AT&T is planning to lay off thousands of employees in the coming weeks and has prompted a lawsuit over the matter filed by the Communications Workers of America (CWA), the largest telecom labor union in the United States. The Dallas, Texas-based wireless carrier recently touted bonuses it intends to pay to approximately 200,000 of its employees due to the newly enacted tax reform but hasn’t publicly commented on the layoffs before the CWA accused it of violating collective bargaining agreements. AT&T later called such allegations “baseless” and signaled it intends to fight them in court but has yet to confirm the exact extent of its layoffs.
The firm’s official reasoning for letting go of a quadruple-digit number of its employees on a national level has to do with unspecified technological advancements that AT&T claims reduced the workload of some of its units, especially those pertaining to its legacy services like phone landlines. The CWA says such suggestions are misleading because the company’s business has been booming, citing $6.4 billion in operating income AT&T reported for the third quarter of 2017. While the union’s argument doesn’t necessarily defeat AT&T’s claims that the declining demand for its legacy services is reducing the workload of some of its units, the CWA alleged the company is already replacing its former union workers with subcontractors in an effort to weaken the union’s power. That accusation doesn’t pertain to all of AT&T’s recent layoffs but 713 employees whose positions were terminated in Missouri, Oklahoma, Kansas, Arkansas, and Texas.

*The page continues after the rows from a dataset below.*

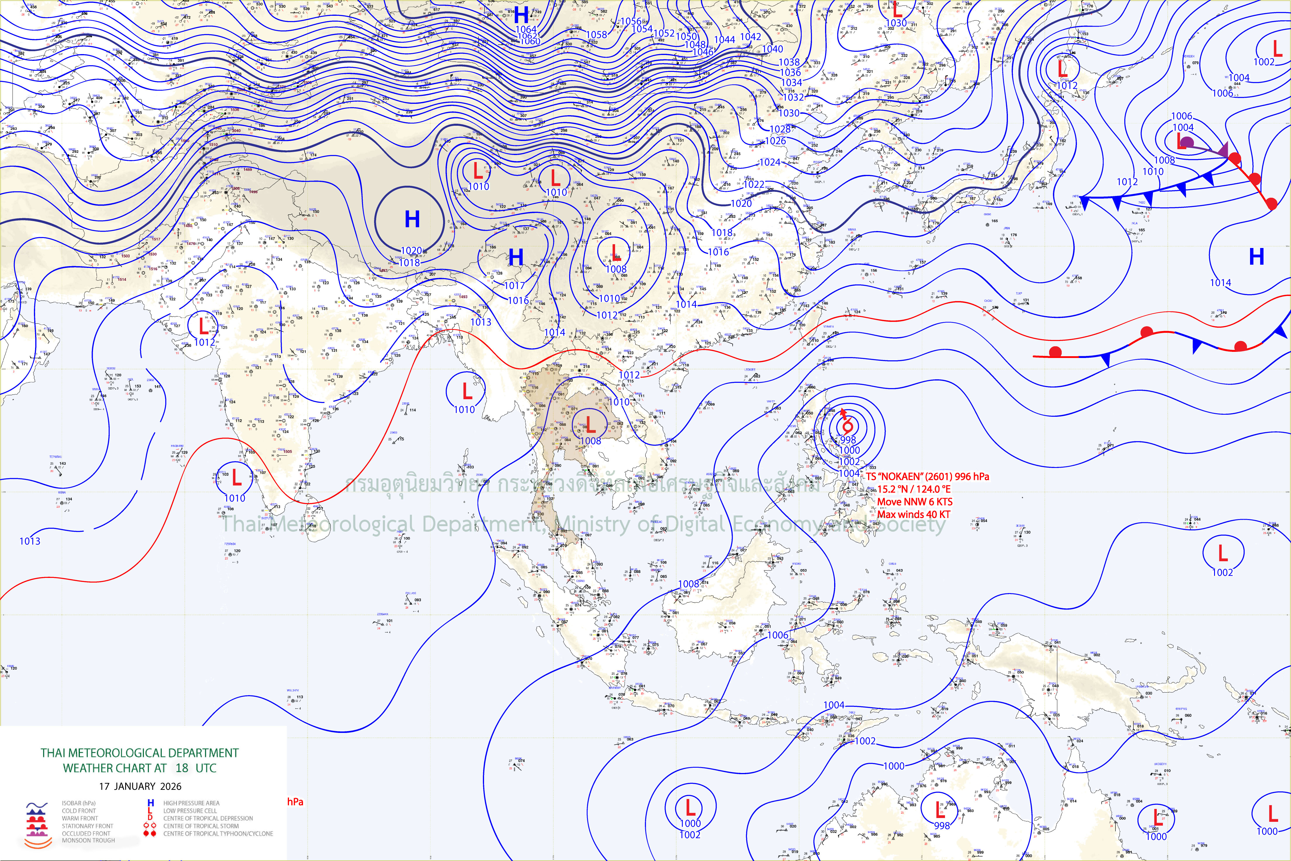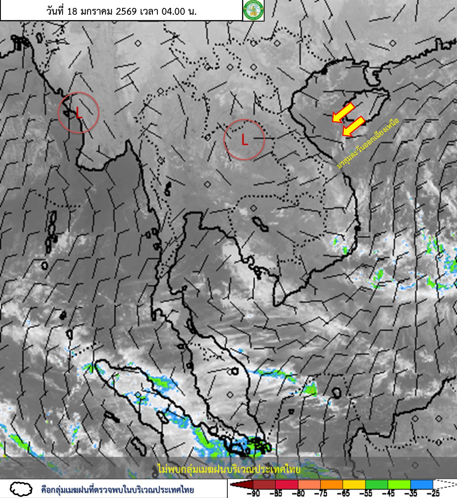 รายงานสถานการณ์ประจำวันที่ 18 มกราคม 2569 ลักษณะอากาศทั่วไป : พยากรณ์อากาศ 24 ชั่วโมงข้างหน้า ประเทศไทยตอนบนมีอากาศเย็นกับมีหมอกในตอนเช้าและมีหมอกหนาบางพื้นที่ โดยภาคเหนือและภาคตะวันออกเฉียงเหนือตอนบนยังคงมีอากาศเย็นถึงหนาว เนื่องจากบริเวณความกดอากาศสูงหรือมวลอากาศเย็นกำลังอ่อนปกคลุมประเทศไทยตอนบน ในขณะที่ลมฝ่ายตะวันตกจากประเทศเมียนมาเคลื่อนเข้าปกคลุมภาคเหนือตอนบนและลาวตอนบน ส่วนภาคกลางตอนล่างและภาคตะวันออกมีฝนเล็กน้อยบางแห่ง เนื่องจากมีลมตะวันออกเฉียงใต้พัดนำความชื้นเข้ามาปกคลุม ขอให้ประชาชนดูแลรักษาสุขภาพเนื่องจากสภาพอากาศที่เปลี่ยนแปลง และเพิ่มความระมัดระวังในการสัญจรผ่านบริเวณที่มีหมอก รวมทั้งระวังอันตรายจากอัคคีภัยเนื่องจากสภาพอากาศแห้งไว้ด้วย สำหรับภาคใต้มีฝนเล็กน้อยบางพื้นที่ เนื่องจากมรสุมตะวันออกเฉียงเหนือกำลังอ่อนปกคลุมอ่าวไทย และภาคใต้ โดยคลื่นลมบริเวณอ่าวไทยและทะเลอันดามันมีคลื่นสูงประมาณ 1 เมตร ขอให้ชาวเรือเพิ่มความระมัดระวังในเดินการเรือด้วยไว้ด้วย ฝุ่นละอองในระยะนี้ ประเทศไทยตอนบนมีการสะสมของฝุ่นละออง/หมอกควันอยู่ในเกณฑ์ปานกลางถึงมาก เนื่องจากการระบายอากาศอยู่ในเกณฑ์ไม่ดี และมีลมอ่อน กรุงเทพมหานครและปริมณฑล : มีหมอกในตอนเช้า และมีหมอกหนาบางพื้นที่ โดยมีฝน ร้อยละ 10 ของพื้นที่ อุณหภูมิต่ำสุด 23-24 องศาเซลเซียส อุณหภูมิสูงสุด 32-35 องศาเซลเซียส ลมตะวันออกเฉียงใต้ ความเร็ว 10-15 กม./ชม. ในรอบ 24 ชั่วโมงที่ผ่านมา (07.00 น.) : พื้นที่กรุงเทพมหานครฝนเล็กน้อยถึงปานกลางปริมาณฝนสูงสุดที่จุดวัด สถานีสูบน้ำแสนแสบ-คลองตัน เขตวัฒนา 24.0 มม. จุดวัดสำนักงาน เขตป้อมปราบศัตรูพ่าย 16.0 มม. จุดวัดประตูระบายน้ำคลองอรชร เขตปทุมวัน 14.0 มม. จุดวัดสถานีสูบน้ำเทเวศร์ เขตพระนคร 5.5 มม. ไม่มีรายงานจุดเร่งการระบายน้ำในถนนสายหลัก รายงานค่าระดับน้ำแนวคันกั้นน้ำด้านตะวันออกวันนี้ ( 18 มกราคม 2569 ) - ประตูระบายน้ำคลองสอง (สายใต้) (ระดับวิกฤติ +1.80) เวลา 07.00 น. ระดับ +0.52 ม.รทก. ระดับน้ำปกติ - ประตูระบายน้ำแสนแสบ (มีนบุรี) (ระดับวิกฤติ +0.70) เวลา 07.00 น. ระดับ -0.01 ม.รทก. ระดับน้ำปกติ - ประตูระบายน้ำลาดกระบัง (ระดับวิกฤติ +0.35) เวลา 07.00 น. ระดับ -0.04 ม.รทก. ระดับน้ำปกติ ระดับน้ำในแม่น้ำเจ้าพระยาขึ้นสูงสุดวานนี้ ( 17 มกราคม 2569 ) - สถานีสูบน้ำบางนา ระดับ +1.55 ม.รทก. เวลา 07.00 น. - ประตูระบายน้ำปากคลองตลาด ระดับ +1.25 ม.รทก. เวลา 08.00 น. - สถานีสูบน้ำบางเขนใหม่ ระดับ +1.26 ม.รทก. เวลา 10.00 น. ฐานน้ำขึ้นสูงสุดแม่น้ำเจ้าพระยา หน้าสถานีกองบัญชาการกองทัพเรือวันนี้ ( 18 มกราคม 2569 ) ( เช้า ระดับ +1.21 ม.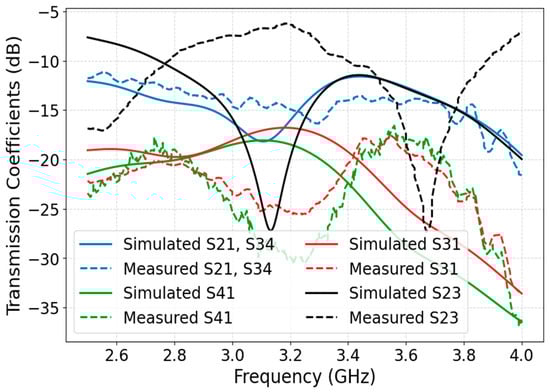 Figure 5 presents the simulated and measured transmission coefficients of the proposed four-port MIMO antenna, highlighting the mutual coupling behavior between different antenna elements. The results confirm that the antenna achieves strong isolation, particularly around the center frequency of 3.4 GHz. Most transmission coefficients—including S21, S34, S31, and S41—maintain values below −10 dB from approximately 3.3 to 3.6 GHz, which meets the isolation requirements for effective MIMO performance. The S23 parameter exhibits the highest isolation, with similar values reaching below −35 dB and measured values around −25 dB, centered at 3.4 GHz. However, at 3.2 GHz, S23 remains above −10 dB, indicating that optimal decoupling occurs specifically around 3.4 GHz. These results validate the antenna’s capability to minimize mutual coupling within the intended operational band, supporting its suitability for sub-6 GHz MIMO applications.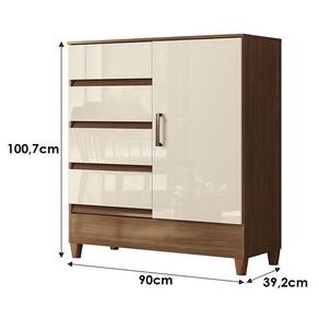 - Possui uma porta com prateleira onde você pode acomodar objetos como sapatos, bolsas, caixas, livros, decoração, etc.
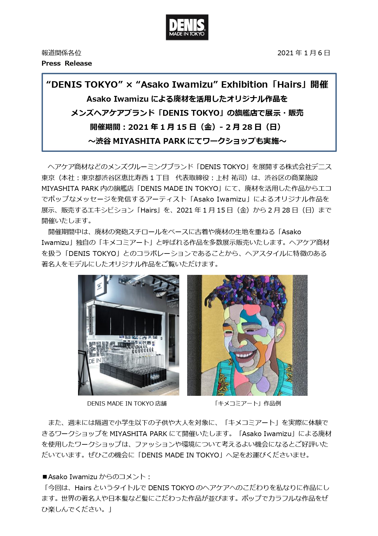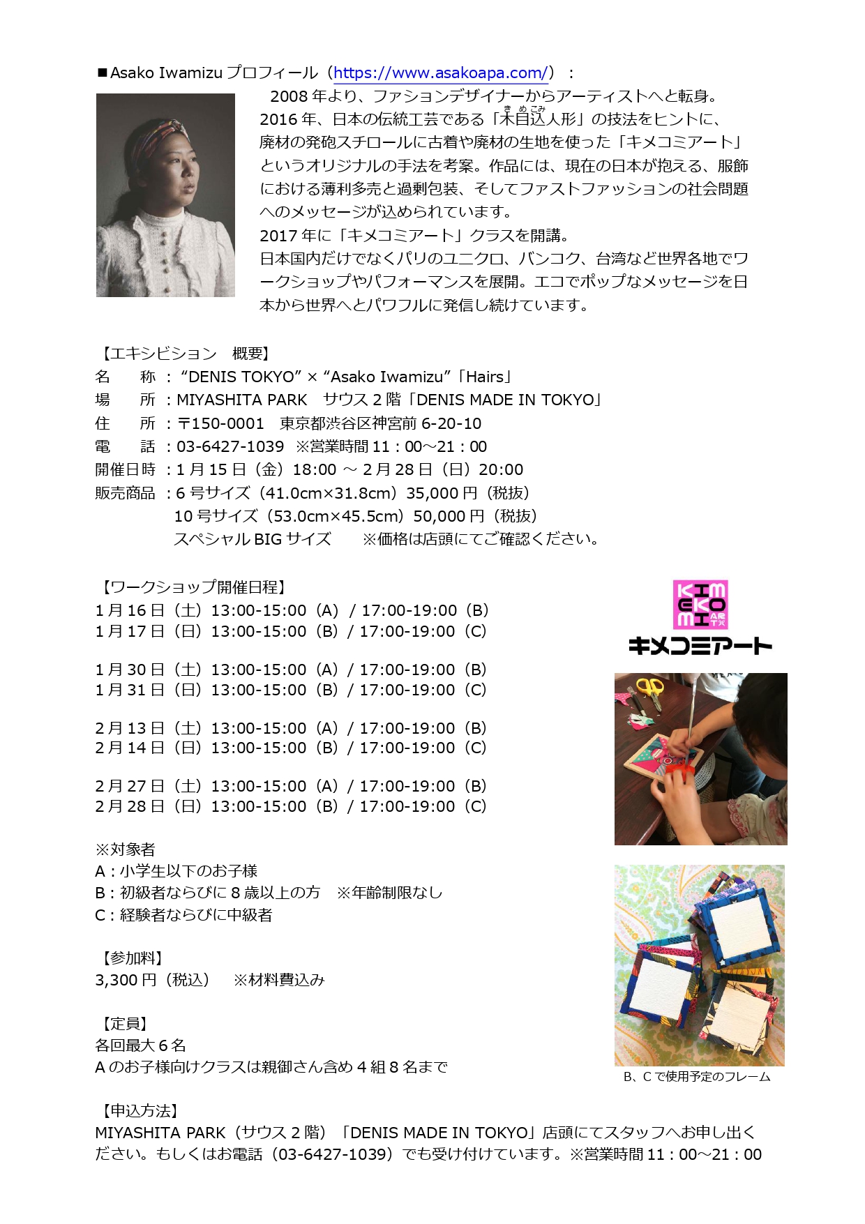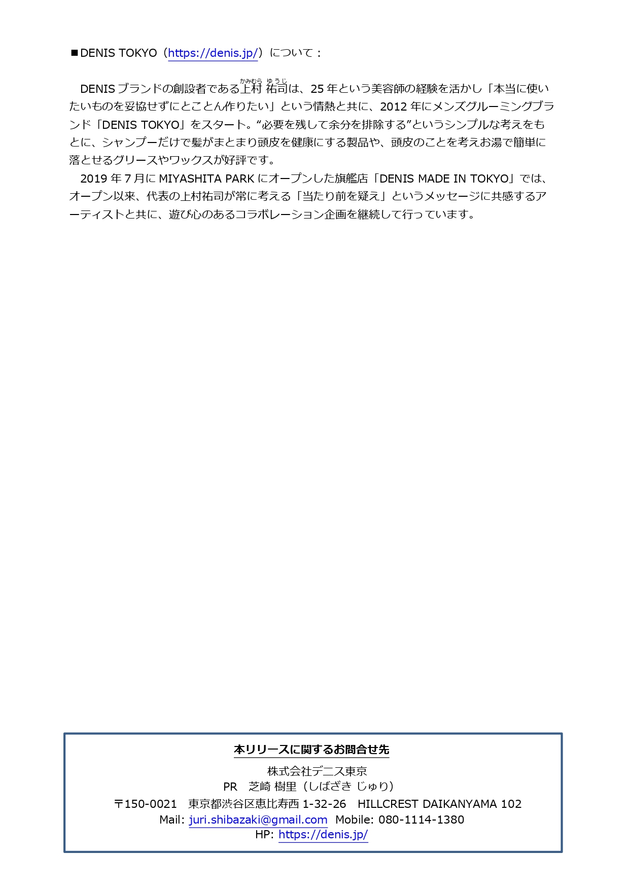 〒150-0001 東京都渋谷区神宮前六丁目20番10号 MIYASHITA PARK South 2F 20500 http://www.denis.jp/ 03-3476-6488j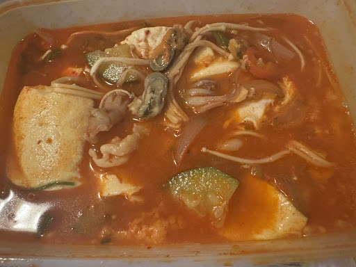 Read moreThis place was so packed with customers when we dined there on a Thursday evening. (speaks volumes about the quality of this restaurant). The waitress was quick in seating us and taking our order, but we did have to wait a long time to receive our meals. (understandable due to how busy they were). When our meal arrived, we were extremely happy with how tasty it was. My Wife had kimchi mandoo and I had prawn mandoo for an entree, and for our main dish, My Wife had JAPCHAE and I had JE-YUK SPICY PORK. Both were sensational. Full of flavor. Then at the end of our meal we had a surprise when we were offered a free desert to make up for us waiting for our meals to arrive! Nice touch! (my only gripe was that if you are a chilli lover, and you request a lot of chilli in your dish, you will be disappointed) So over all, our first impressions of this place were positive, and we will definitely go back again, but when they are not so...
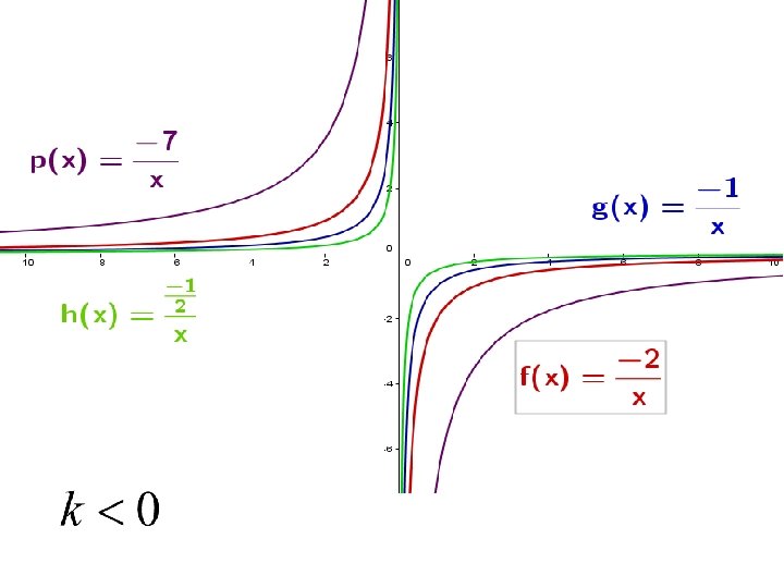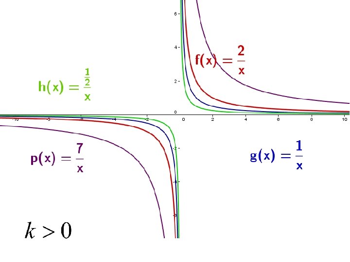 B. FUNCIONES RACIONALES Función de proporcionalidad inversa • En la gráfica de una función de proporcionalidad inversa, k es el área del rectángulo cuyos vértices opuestos son un punto cualquiera P(x, y) de la hipérbola y el punto de corte de las asíntotas. La constante k es positiva si la hipérbola es decreciente, y es negativa si la hipérbola es creciente.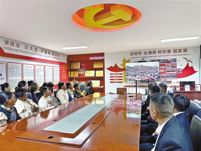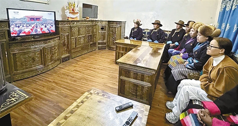 日喀則市謝通門縣仁欽則鄉(xiāng)倫珠孜村的村民們集中觀看了現(xiàn)場(chǎng)直播,現(xiàn)場(chǎng)不時(shí)傳出熱烈掌聲。老黨員仁增多吉感慨萬千:“我深切體會(huì)到了沒有中國(guó)共產(chǎn)黨就沒有社會(huì)主義新西藏,就沒有我們今天的幸福生活。我將始終維護(hù)祖國(guó)統(tǒng)一,加強(qiáng)民族團(tuán)結(jié),堅(jiān)定不移聽黨話、矢志不渝跟黨走。”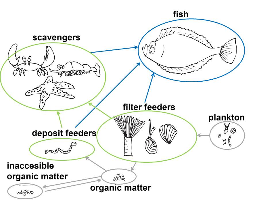 Based on their traits, the species within the food web were assigned to one of three groups. Animals that enjoy feeding on other animals (dead or alive), such as crabs and sea stars, are classified as scavenger/predators. A second group consists of for example bivalves and tube worms, characterized by filter feeding. These animals pump water through their bodies to collect food particles. Finally, there are the deposit feeders such as worms that feed on organic matter in and on the seabed. On top of that, fish that prey on each of these groups are included in the model. These groups are all affected to a certain extent by the various types of fishery, but also eat each other and compete with each other. These ecological interactions can complicate, or even reverse the net effect of fisheries on these groups.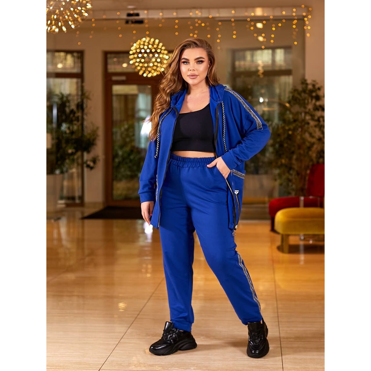 Спортивный костюм с удлиненной кофтой, декорированной змейками и лампасом. Брюки на резинке свободного силуэта, на манжете снизу, декорированные лампасом.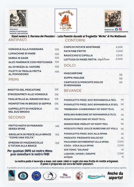 Una delle foto su questo sito riporta il menù presentato dall’Associazione Pescatori di Cesenatico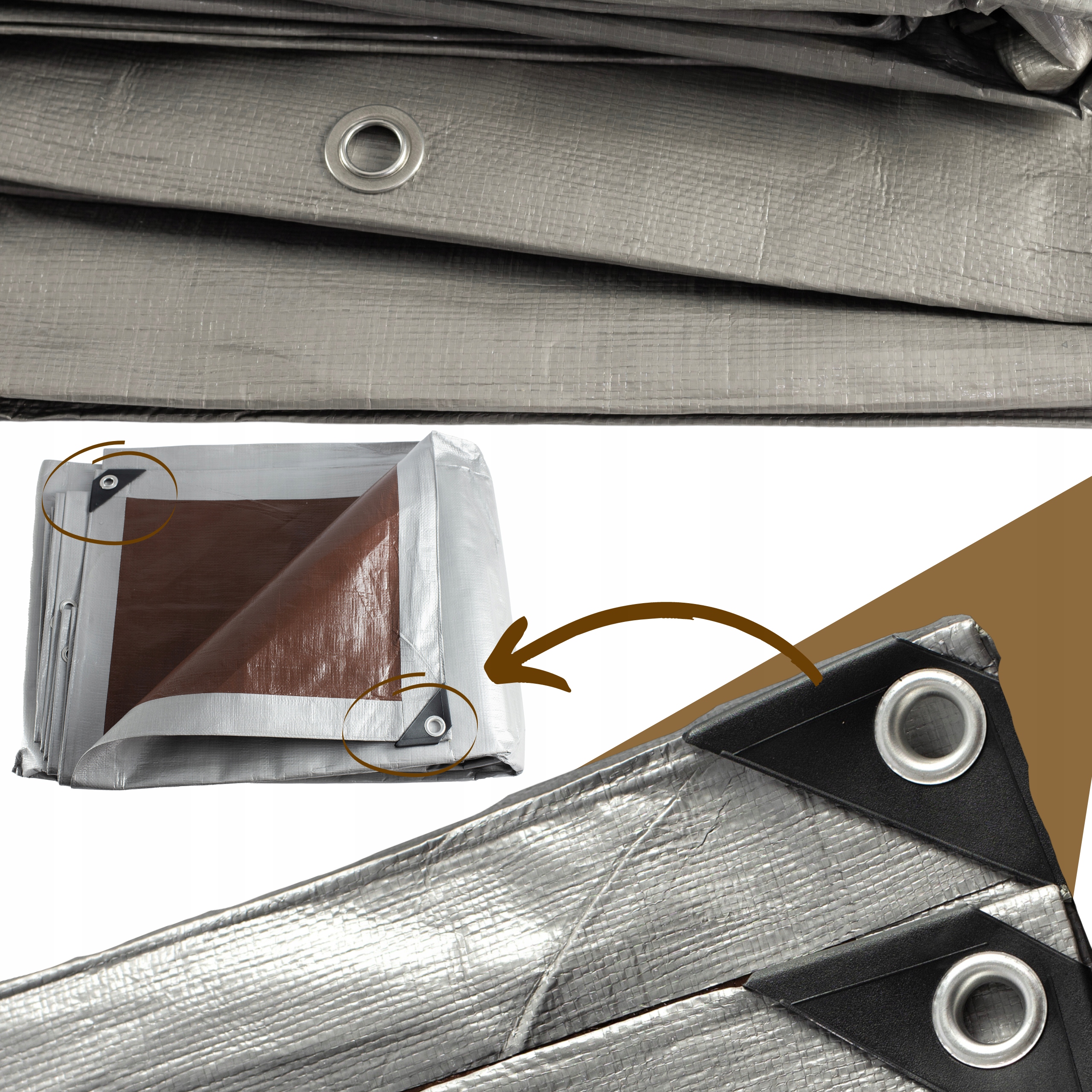 Wzmocnione brzegi i aluminiowe oczka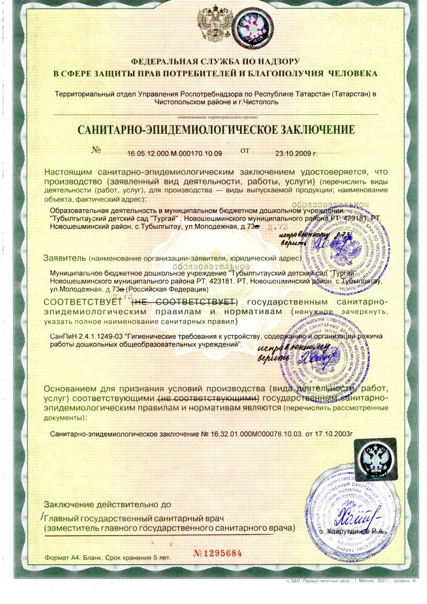 Санитарно-эпидемиологическое заkлючение

The plaintiff also filed an identical complaint with the National Labor Relations Board, whereas the original lawsuit is being handled by the Austin, Texas-based U.S. District Court. Some industry watchers are suggesting AT&T’s reasoning for its layoffs defeats the company’s previously publicized arguments against net neutrality regulations which it claimed discouraged investments. Likewise, AT&T promised an additional $1 billion in investments should the Congress pass the recently enacted tax reform and while its lobbying efforts in 2017 have been a resounding success by nearly every definition, thousands of employees are now still set to lose their jobs in the coming weeks, though it remains to be seen whether AT&T truly replaces them with subcontractors like the CWA claims it will.